The content that is held on an average website has dramatically increased over the years, and the size of the internet, in general, is growing at an exponential rate. Almost every SEO campaign I’ve worked on involved increasing the amount of content on a website unless, under extreme circumstances, this means the total URLs on a site are only going one way. Websites that harness all available tools to highlight what is going on with their site, from a URL perspective, tend to have better outcomes when it comes to search engines.
An XML sitemap is a tool that most sites understand the importance of, but a very common issue is the XML sitemap they are submitting to search engines just isn’t correct. Some common issues I see frequently are URLs in there which are not correct (pages made by accident, test URLs and so on), the URLs are not inclusive of them all or they are using additional tags incorrectly such as lastmod or priority.

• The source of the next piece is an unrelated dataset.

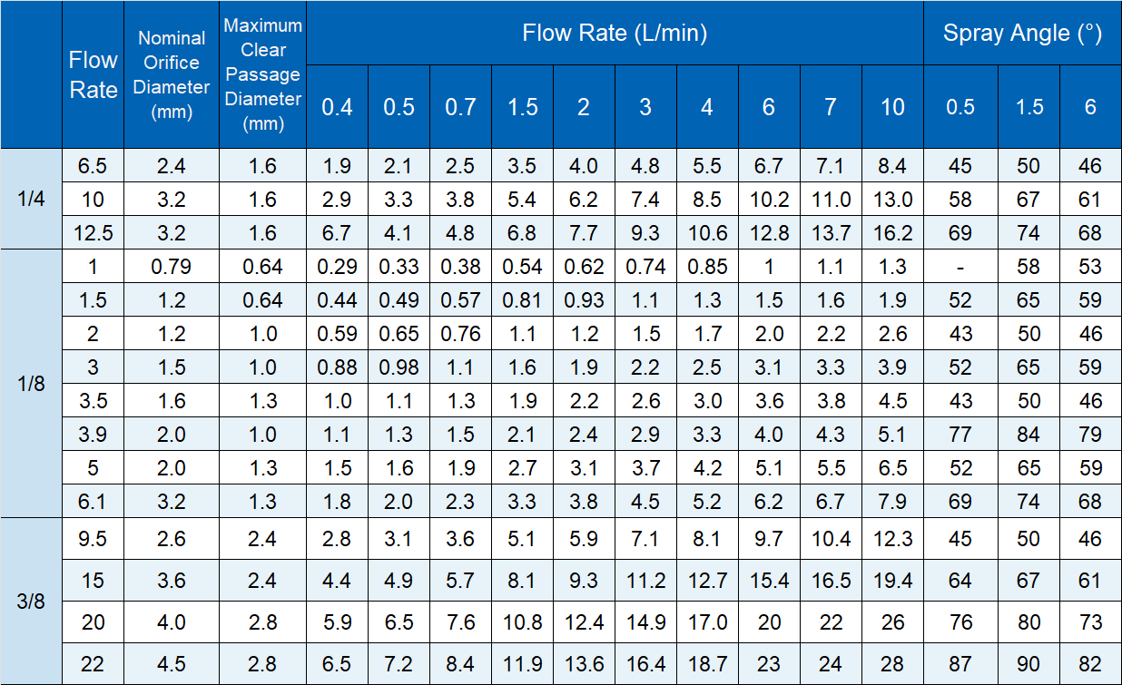 Solid conical spray shape produces a circular impact area. Characterized by uniform distribution, a wide range of pressure and flow rates, and medium to large droplet sizes.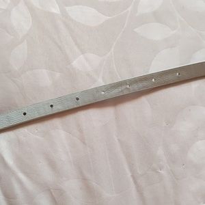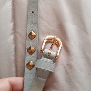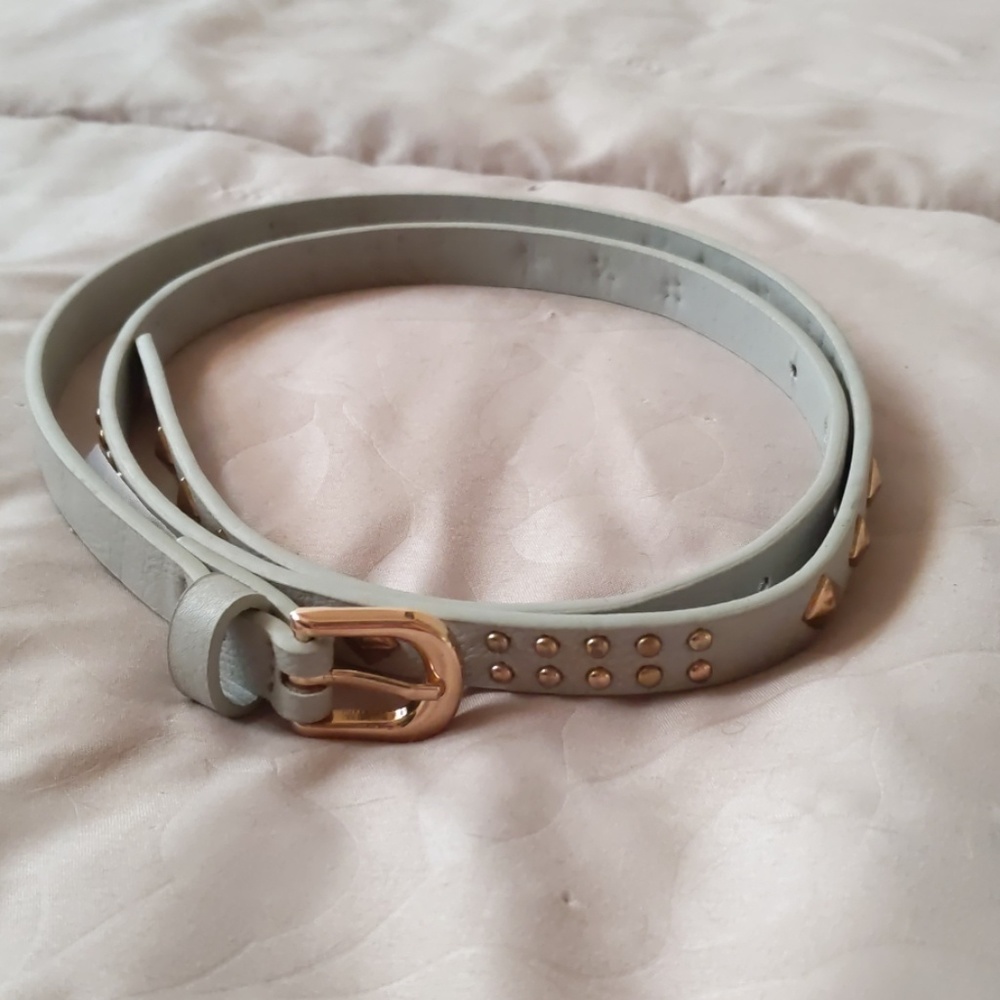 Grey belt trimmed with gold studs. 7 holes for adjusting to your side. The size as seen in pic is M/L

It can really pay dividends to audit your XML sitemap on a regular basis, this doesn’t mean sifting through thousands of URLs potentially, but looking at third-party alerts can often pinpoint errors within your sitemap. Fixing these quickly will likely dramatically improve the number of URLs showing in Google and also help save crawling bandwidth too.
How do I identify problems with my sitemap?
This is probably one of the main fixes that won’t be flagged up fully in my SEO auditing/crawling software, additional steps are often required. I would still run a crawler of your choice, be that SEMRush, ahrefs, Screamingfrog or Sitebulb. A quick way to see if there is a problem with your sitemap can be done through Google Search Console.
If you go to Coverage > Valid > there will often be two categories here. The first category will be Submitted and Valid, the second will be indexed, not submitted in sitemap. The URLs in the latter category will actually showcase URLs that Google have put into the search engine result pages and aren’t appearing in the XML sitemap.
Also in the coverage tab, you can select and filter by the URLs submitted into each sitemap – which allows you to lock errors to one sitemap rather than all URLs – this can be really useful with a large site with multiple sitemaps.
The final way to validate, in my experience, is to look at the sitemap itself, you are looking for lastmod dates that are true, I don’t often use the priority tag and I also look for URLs that should not be in there too. There is also a dedicated sitemap section of Google Search Console, this can highlight any additional errors too.
How do I fix XML sitemap problems?
The way to resolve it often sits on how they are generated in the first place, for example, if you are using WordPress, there may be a plugin managing the XML sitemap and you’ll need to log in and edit the settings accordingly. Almost all the sitemaps I fix tend to be around the generation of the sitemap, some use Screaming Frog for example to generate XML sitemaps when there is no fallback – the easiest way is to identify what is missing or broken and troubleshoot that way.
How do I prevent XML Sitemap issues for SEO?
If you have audited your website and the sitemap is now working as intended, it can generate a new risk. If a sitemap works and then stops working you need to have a process whereby you capture that it is not working. Aside from a regular site audit another quick way I tend to validate this is to publish a new page and occasionally view the XML sitemap to see if it’s there. Doing this every now and again can showcase that the sitemap is working – also keeping on top of the Search Console errors can be a big help and alert when things aren’t working as intended. Of course, regular professional SEO audits are one of the easiest ways to give your site a clean bill of health.
More comments on XML sitemaps
Occasionally it can pay to have a dedicated image XML sitemap, depending on the size of your site.
Most CMS will have robust XML sitemap generation tools, if one doesn’t fit the need entirely, you can often find additional plugins or services that will generate it.
This is geared more around the general XML sitemap as opposed to the news one and image – which do have nuances you need to be conscious of.
If you run an XML sitemap update once per day or at a frequency, make sure the lastmod date is the date on which the page changed and not the last time the sitemap was updated – this will likely undermine the credibility of the XML sitemap.